#### [What needs to be done]
Below is a listing. Write out exactly its lines between the one holding "I åpen klasse" and the one holding "本次培訓依托國家教育行政學院", inclusive.

(Material for this exercise begins)

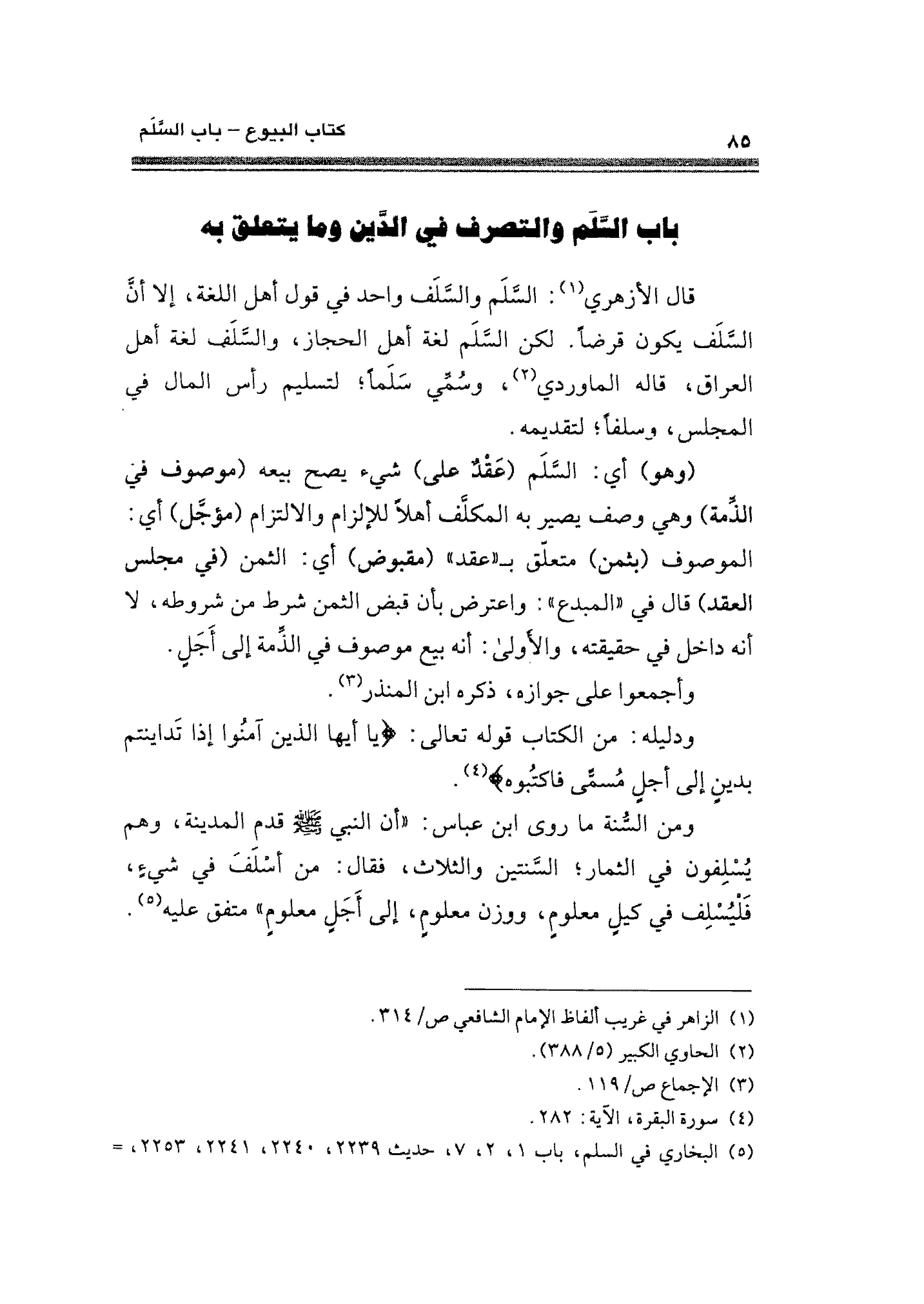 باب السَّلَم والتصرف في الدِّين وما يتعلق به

(Material for this exercise ends)
(Material for this exercise begins)

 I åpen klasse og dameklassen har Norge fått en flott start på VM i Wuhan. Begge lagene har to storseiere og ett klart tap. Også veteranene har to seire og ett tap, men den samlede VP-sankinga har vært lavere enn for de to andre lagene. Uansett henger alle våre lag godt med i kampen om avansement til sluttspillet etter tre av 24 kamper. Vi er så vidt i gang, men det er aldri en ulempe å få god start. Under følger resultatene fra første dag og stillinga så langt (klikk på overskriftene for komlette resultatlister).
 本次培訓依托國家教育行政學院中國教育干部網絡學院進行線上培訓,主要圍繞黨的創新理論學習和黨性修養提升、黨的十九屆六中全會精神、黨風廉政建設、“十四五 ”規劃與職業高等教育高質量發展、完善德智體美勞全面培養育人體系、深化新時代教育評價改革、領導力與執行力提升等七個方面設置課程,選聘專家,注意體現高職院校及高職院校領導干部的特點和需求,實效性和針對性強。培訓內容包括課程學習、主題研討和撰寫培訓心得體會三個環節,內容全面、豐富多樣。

(Material for this exercise ends)

#### [Answer to the problem]
 I åpen klasse og dameklassen har Norge fått en flott start på VM i Wuhan. Begge lagene har to storseiere og ett klart tap. Også veteranene har to seire og ett tap, men den samlede VP-sankinga har vært lavere enn for de to andre lagene. Uansett henger alle våre lag godt med i kampen om avansement til sluttspillet etter tre av 24 kamper. Vi er så vidt i gang, men det er aldri en ulempe å få god start. Under følger resultatene fra første dag og stillinga så langt (klikk på overskriftene for komlette resultatlister).
 本次培訓依托國家教育行政學院中國教育干部網絡學院進行線上培訓,主要圍繞黨的創新理論學習和黨性修養提升、黨的十九屆六中全會精神、黨風廉政建設、“十四五 ”規劃與職業高等教育高質量發展、完善德智體美勞全面培養育人體系、深化新時代教育評價改革、領導力與執行力提升等七個方面設置課程,選聘專家,注意體現高職院校及高職院校領導干部的特點和需求,實效性和針對性強。培訓內容包括課程學習、主題研討和撰寫培訓心得體會三個環節,內容全面、豐富多樣。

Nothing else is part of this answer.